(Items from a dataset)
***

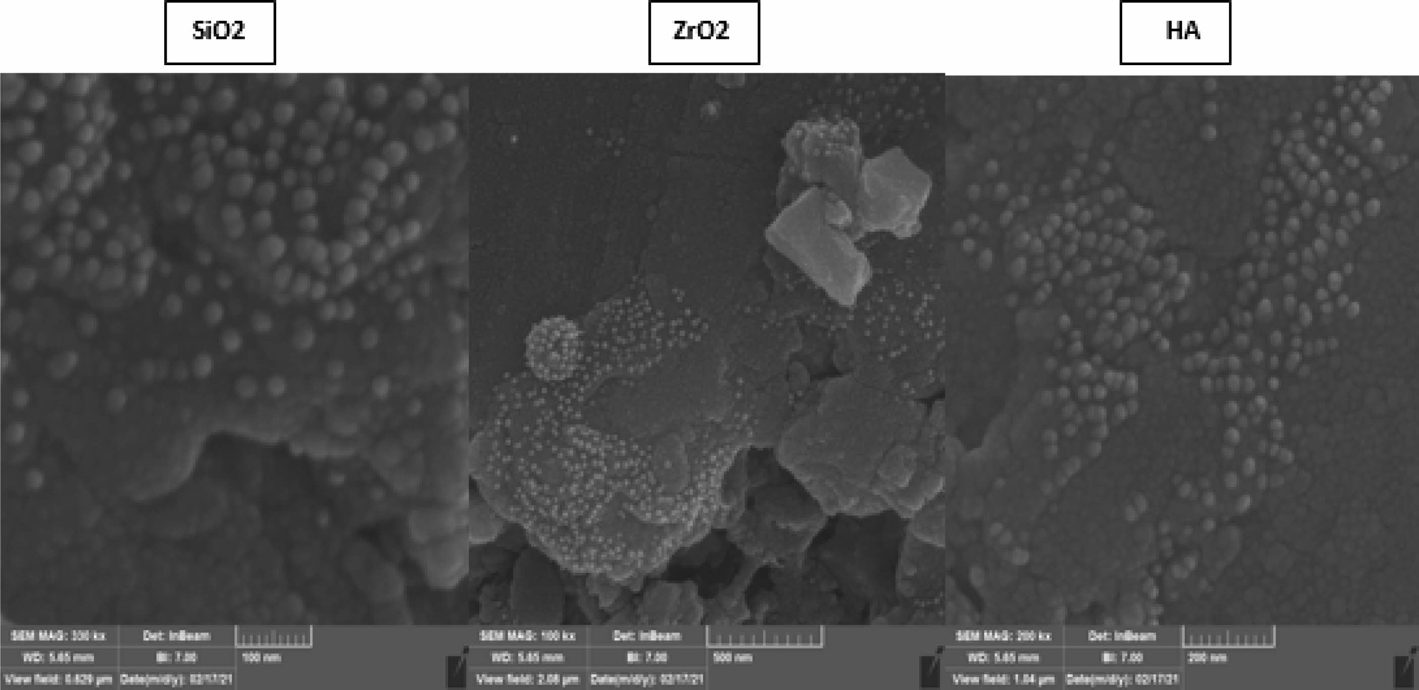 Figs. 4-5 highlight that the functionalized nanofillers are well dispersed into the polymer matrix, and the size of the nanoparticles is around 40 nm. Also, these images prove a better adhesion between the organic and inorganic phases. Also, significant agglomerations are visible while the distance amongst nanofiller particles (SiO2, ZrO2, as well as H.A.) is significantly larger than the size of the nanoparticles, thus proving good compatibility between the phases again, and the mechanism of fracture involves instead a polymer fracture instead of the polymer detaching from the surface of the nanoparticles. There are areas with high filler agglomerates. However, areas that are mainly polymer and these heterogeneities can substantially impact the mechanical properties. Overall, based on the SEM evaluation, surface modification with MPTMS is beneficial and leads to better dispersibility and compatibility within the polymer.
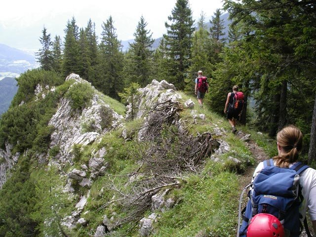 Über gesicherte (A bis A/B) und ungesicherte (1-) Felsstufen zum Ausstieg.
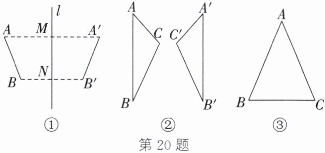 20. (9分)我们知道:成轴对称的两个图形中,对称点的连线被对称轴垂直平分.如图①,AB与$A'B'$关于直线l对称,则$l⊥AA'$于点M,$l⊥BB'$于点N,$AM= A'M,BN= B'N$.
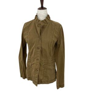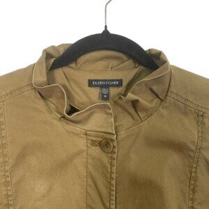 Eileen Fisher Cotton Bland Ruffle Collar Utility Jacket Size M Olive Green
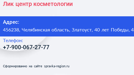Лик, центр косметологии по адресу 456238, Челябинская область, Златоуст, 40 лет Победы, 43 в дальнейшем Организация, размещена в следующих категориях:
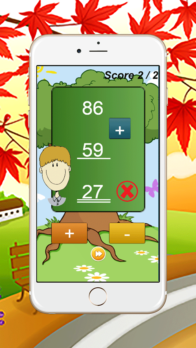 You just choose the correct symbols for mathematical questions whether the answer is the addition or subtraction. This game is suitable for children in primary education.
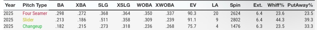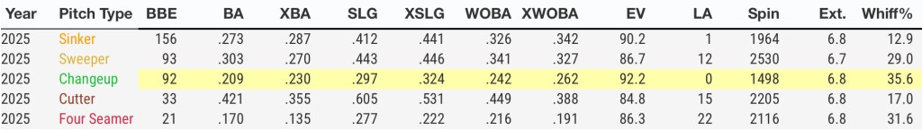 On the other side of that, however, is the reality that when opponents do make contact on the pitch, they make sure it’s solid as his 47.8% hard hit rate against his changeup is the highest among that same qualifying pool of pitchers.
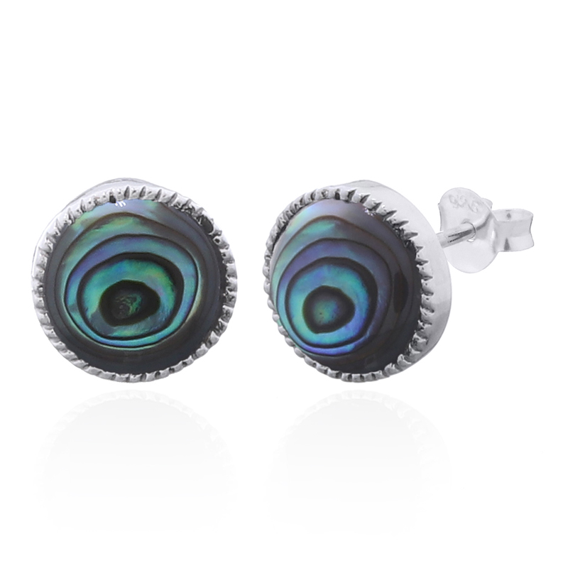 These stud earrings feature circular-shaped abalone shells set in smooth, serrated-edge 925 sterling silver bezels. Their sophisticated design offers retailers a unique blend of natural beauty and refined craftsmanship, perfect for customers seeking timeless statement pieces.
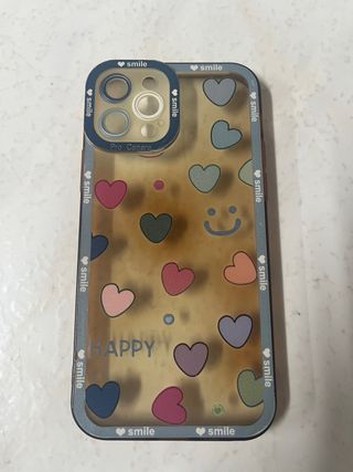 Funda protectora para iPhone 12 Pro con un diseño divertido y colorido. - Estampado de corazones y caritas sonrientes. - Acabado translúcido. - Borde protector.
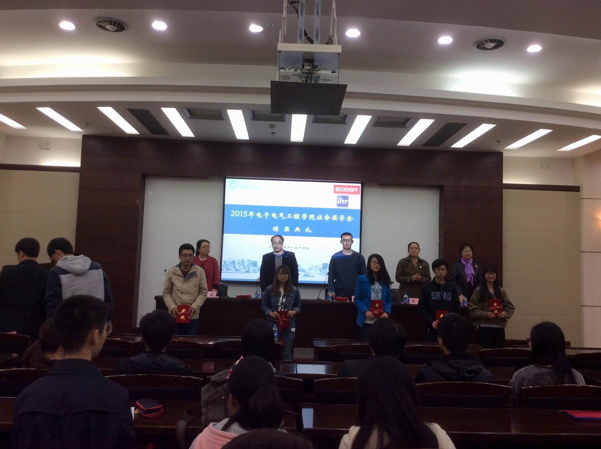 电子电气工程学院党委茅蕾书记在会上宣布了2015年益驰奖学金获奖同学名单,夏则才总监宣布了2015年倍福奖学金获奖名单。伴随真鼓舞人心的音乐,领导们向获奖同学颁发获奖证书。获得一等奖的胡征和董淼同学代表获奖同学感谢倍福公司对学校产学合作和科创项目的支持,同时也感谢老师对他们的辛勤辅导和同学们的合作支持,并表示要更加努力,取得更好的成绩。
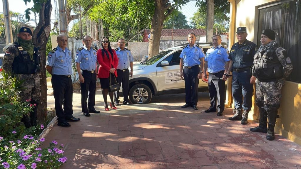 Autoridades componentes del Comando Institucional de la Policía Nacional visitaron la Comisaría 8ª Metropolitana, ubicada en barrio Roberto L. Pettit, de Asunción, donde hicieron entrega de una patrullera a dicha dependencia, a los efectos de fortalecer la labor policial en esa zona de la ciudad de Asunción.
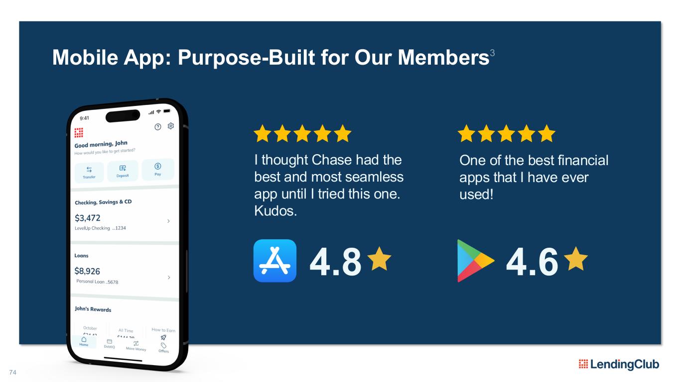 74 Mobile App: Purpose-Built for Our Members3 4.8 4.6 I thought Chase had the best and most seamless app until I tried this one. Kudos. One of the best financial apps that I have ever used!
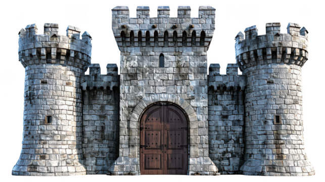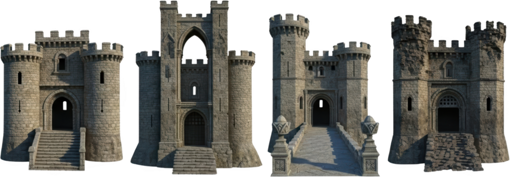 Detailed stone castle gate with four towers and an arched entrance ideal for fantasy designs on transparent background
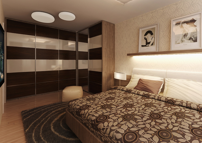 Návrh ložnice se nese v odstínu zemitých barev a příjemném retro stylu. Úložné prostory jsou řešeny vestavnými skříněmi s posuvnými dveřmi. Díky kombinaci s bílou působí prostor útulně a pohodlně. Místnost dostatečně prosvětlují velká okna, která je možné zatáhnout závěsem v hnědém odstínu.
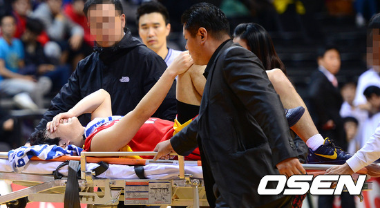 17일 오후 고양 체육관에서 열린 'KB 국민카드 2012-2013 프로농구' 고양 오리온스와 창원 LG의 경기 3쿼터 오리온스 조효현이 수비를 하던중 착지 불안정으로 무릎 통증을 호소해 들것에 실려 병원으로 이송되고 있다.
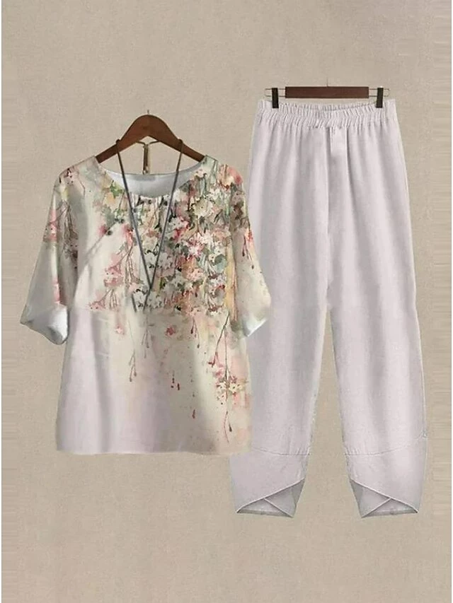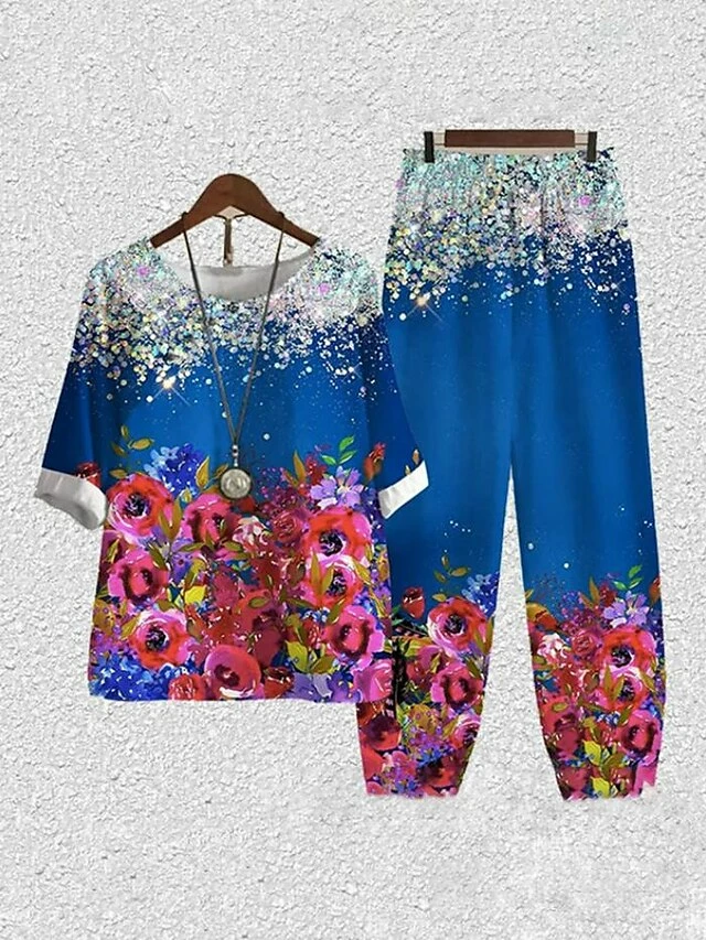 Women’s Shirt Pants Sets Black Yellow Pink Floral Plant Print Holiday Weekend Daily Basic Neon & Bright Round Neck Regular Fit Fall & Winter
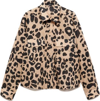 Serve up bold energy in this animal-print button-up shirt designed with handy patch pockets and cut in a layerable silhouette.
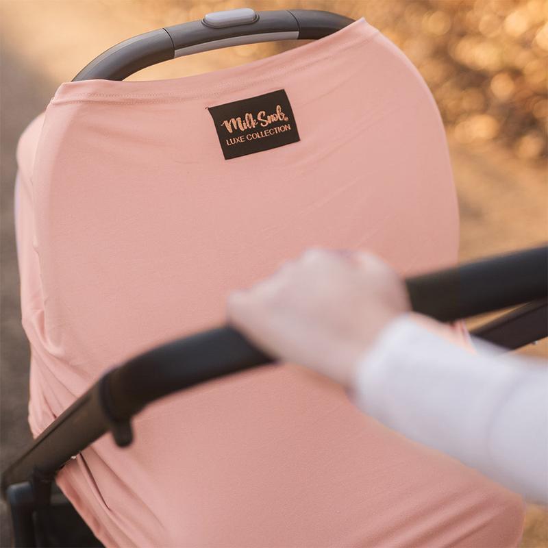 The same 5-in-1 Milk Snob multifunctional cover you already love in an even more luxuriously soft fabric. Use the Luxe Ballet Slipper Cover as a car seat cover, nursing cover, shopping cart cover, high chair cover, infant swing cover, and more. This cover features a sweet baby pink color.
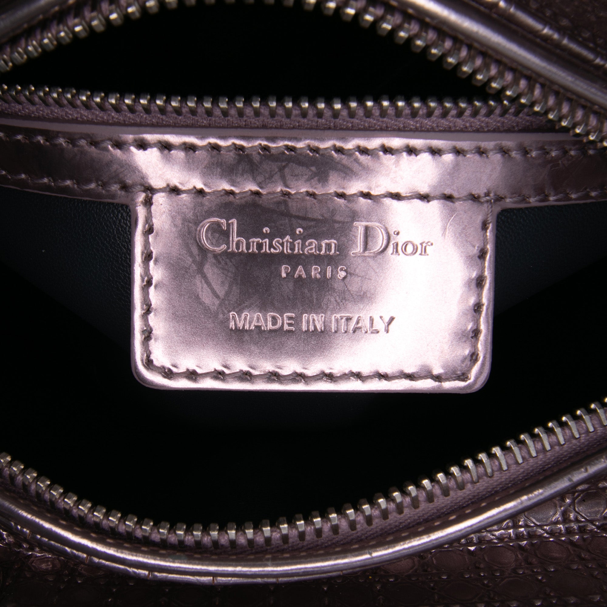 The Lady Dior features a quilted metallic patent leather body, flat leather handles, a detachable strap, a top zip closure, and an interior zip pocket. Inclusion: authenticity card. Retail Price: 6100.00

***

**Task brief:** Each line above should be returned exactly as it stands, minus any pictures.

**Solution for this task:**
 Figs. 4-5 highlight that the functionalized nanofillers are well dispersed into the polymer matrix, and the size of the nanoparticles is around 40 nm. Also, these images prove a better adhesion between the organic and inorganic phases. Also, significant agglomerations are visible while the distance amongst nanofiller particles (SiO2, ZrO2, as well as H.A.) is significantly larger than the size of the nanoparticles, thus proving good compatibility between the phases again, and the mechanism of fracture involves instead a polymer fracture instead of the polymer detaching from the surface of the nanoparticles. There are areas with high filler agglomerates. However, areas that are mainly polymer and these heterogeneities can substantially impact the mechanical properties. Overall, based on the SEM evaluation, surface modification with MPTMS is beneficial and leads to better dispersibility and compatibility within the polymer.
 Über gesicherte (A bis A/B) und ungesicherte (1-) Felsstufen zum Ausstieg.
 20. (9分)我们知道:成轴对称的两个图形中,对称点的连线被对称轴垂直平分.如图①,AB与$A'B'$关于直线l对称,则$l⊥AA'$于点M,$l⊥BB'$于点N,$AM= A'M,BN= B'N$.
 Eileen Fisher Cotton Bland Ruffle Collar Utility Jacket Size M Olive Green
Лик, центр косметологии по адресу 456238, Челябинская область, Златоуст, 40 лет Победы, 43 в дальнейшем Организация, размещена в следующих категориях:
 You just choose the correct symbols for mathematical questions whether the answer is the addition or subtraction. This game is suitable for children in primary education.
 On the other side of that, however, is the reality that when opponents do make contact on the pitch, they make sure it’s solid as his 47.8% hard hit rate against his changeup is the highest among that same qualifying pool of pitchers.
 These stud earrings feature circular-shaped abalone shells set in smooth, serrated-edge 925 sterling silver bezels. Their sophisticated design offers retailers a unique blend of natural beauty and refined craftsmanship, perfect for customers seeking timeless statement pieces.
 Funda protectora para iPhone 12 Pro con un diseño divertido y colorido. - Estampado de corazones y caritas sonrientes. - Acabado translúcido. - Borde protector.
 电子电气工程学院党委茅蕾书记在会上宣布了2015年益驰奖学金获奖同学名单,夏则才总监宣布了2015年倍福奖学金获奖名单。伴随真鼓舞人心的音乐,领导们向获奖同学颁发获奖证书。获得一等奖的胡征和董淼同学代表获奖同学感谢倍福公司对学校产学合作和科创项目的支持,同时也感谢老师对他们的辛勤辅导和同学们的合作支持,并表示要更加努力,取得更好的成绩。
 Autoridades componentes del Comando Institucional de la Policía Nacional visitaron la Comisaría 8ª Metropolitana, ubicada en barrio Roberto L. Pettit, de Asunción, donde hicieron entrega de una patrullera a dicha dependencia, a los efectos de fortalecer la labor policial en esa zona de la ciudad de Asunción.
 74 Mobile App: Purpose-Built for Our Members3 4.8 4.6 I thought Chase had the best and most seamless app until I tried this one. Kudos. One of the best financial apps that I have ever used!
 Detailed stone castle gate with four towers and an arched entrance ideal for fantasy designs on transparent background
 Návrh ložnice se nese v odstínu zemitých barev a příjemném retro stylu. Úložné prostory jsou řešeny vestavnými skříněmi s posuvnými dveřmi. Díky kombinaci s bílou působí prostor útulně a pohodlně. Místnost dostatečně prosvětlují velká okna, která je možné zatáhnout závěsem v hnědém odstínu.
 17일 오후 고양 체육관에서 열린 'KB 국민카드 2012-2013 프로농구' 고양 오리온스와 창원 LG의 경기 3쿼터 오리온스 조효현이 수비를 하던중 착지 불안정으로 무릎 통증을 호소해 들것에 실려 병원으로 이송되고 있다.
 Women’s Shirt Pants Sets Black Yellow Pink Floral Plant Print Holiday Weekend Daily Basic Neon & Bright Round Neck Regular Fit Fall & Winter
 Serve up bold energy in this animal-print button-up shirt designed with handy patch pockets and cut in a layerable silhouette.
 The same 5-in-1 Milk Snob multifunctional cover you already love in an even more luxuriously soft fabric. Use the Luxe Ballet Slipper Cover as a car seat cover, nursing cover, shopping cart cover, high chair cover, infant swing cover, and more. This cover features a sweet baby pink color.
 The Lady Dior features a quilted metallic patent leather body, flat leather handles, a detachable strap, a top zip closure, and an interior zip pocket. Inclusion: authenticity card. Retail Price: 6100.00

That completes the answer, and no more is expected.